The pope “is one of the great voices of reason and compelling moral authority on the subject of the climate crisis,” Kerry told Vatican News. “He’s been ahead of the curve. He’s been a leader. His encyclical Laudato Si is really a very, very powerful document, eloquent and morally very persuasive.”
Francis will be “a very important voice leading up to and through the Glasgow conference, which I believe he intends to attend,” said Kerry, who serves as Special U.S. Presidential Envoy for Climate. “So, we need everybody in this fight. All the leaders of the world need to come together and every country needs to do its part.”
His Holiness “speaks with a moral authority that is quite separate,” Kerry added. “It’s unique and we need all the power we can bring to the table.”
Kerry is currently traveling in Europe to meet with European government officials and business leaders in Rome, London, and Berlin in preparation for the 26th Conference of the Parties (COP26) to the U.N. Framework Convention on Climate Change, scheduled to take place next November.
Last January, Kerry told the BBC that humanity has only nine years to save the planet from man-made climate change.
“Glasgow will be extremely important,” Kerry said. “In fact, I would say that in my judgment, it is the last best chance the world has to come together in order to do the things we need to do to avoid the worst consequences of the climate crisis.”
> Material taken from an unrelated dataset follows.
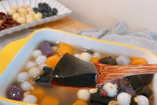 2、龜苓膏粉要先做成龜苓膏,50g龜苓膏粉先用100g清水稀釋,把它攪拌成糊狀,鍋中加入1000g清水,100g冰糖,大火煮開,把白糖煮化,然後加入攪成糊狀的龜苓膏粉,邊倒邊攪拌,再次把鍋中的龜苓膏糊糊煮沸,倒在容器中晾涼,等它凝固,這個份量的龜苓膏是比較多的,龜苓膏除瞭搭配芋圓,也可以直接吃或者加點牛奶;

“Three years ago, we were told we have 12 years to avoid those consequences,” Kerry added. “Three of those years were lost because we had Donald Trump, who didn’t believe in any of it. And now we have nine years left to try to do what science is telling us we need to do.”
The following month, however, Kerry came under fire when it was revealed he had taken a private jet to Iceland in 2019 to accept the Arctic Circle Prize for his leadership on climate change. Private jets are estimated to generate some ten times the amount of green house gas emissions per passenger as compared to commercial air travel.
Kerry defended his choice of transportation, saying that a private jet was “the only choice for somebody like me who is traveling the world to win this battle.”
“No country is exempt from needing to take measures to deal with this crisis,” Kerry told Vatican News this weekend. “On the other hand, we don’t expect a very small economy, a very small country, and a very small emitter of greenhouse gases to step up and do the same thing we’re going to do.”
The United States “has to put up its fair share of funding for adaptation for resilience,” he said. “We have to lead in helping to cut our emissions — and we are!”
“If the United States was at zero-emissions tomorrow, we’d still have crisis,” Kerry asserted. “We are only 11 percent of all the world’s emissions. So, 89 percent is other countries. Twenty countries are responsible for about 73, 75 percent of the emissions.”
“And I think His Holiness, the Pope Francis speaks with unique authority, compelling moral authority, and that hopefully can help push people to greater ambition to get the job done,” Kerry added.
“The Holy Father is one of, if not the, one of the most powerful voices on the planet and he’s been extraordinary in the eloquence of his call on people to do to step up and be reasonable and to live out our responsibility as human beings in caring for God’s creation,” Kerry said.
The pope is “above politics,” Kerry added, and so “he can sort of shake people a little bit and bring them to the table with a better sense of our common obligation.”
“So, I think that the world has a special respect for Pope Francis and there is no question that he has already been a significant leader in this endeavor,” he said. “And we look to him for further guidance and help in getting this job done.”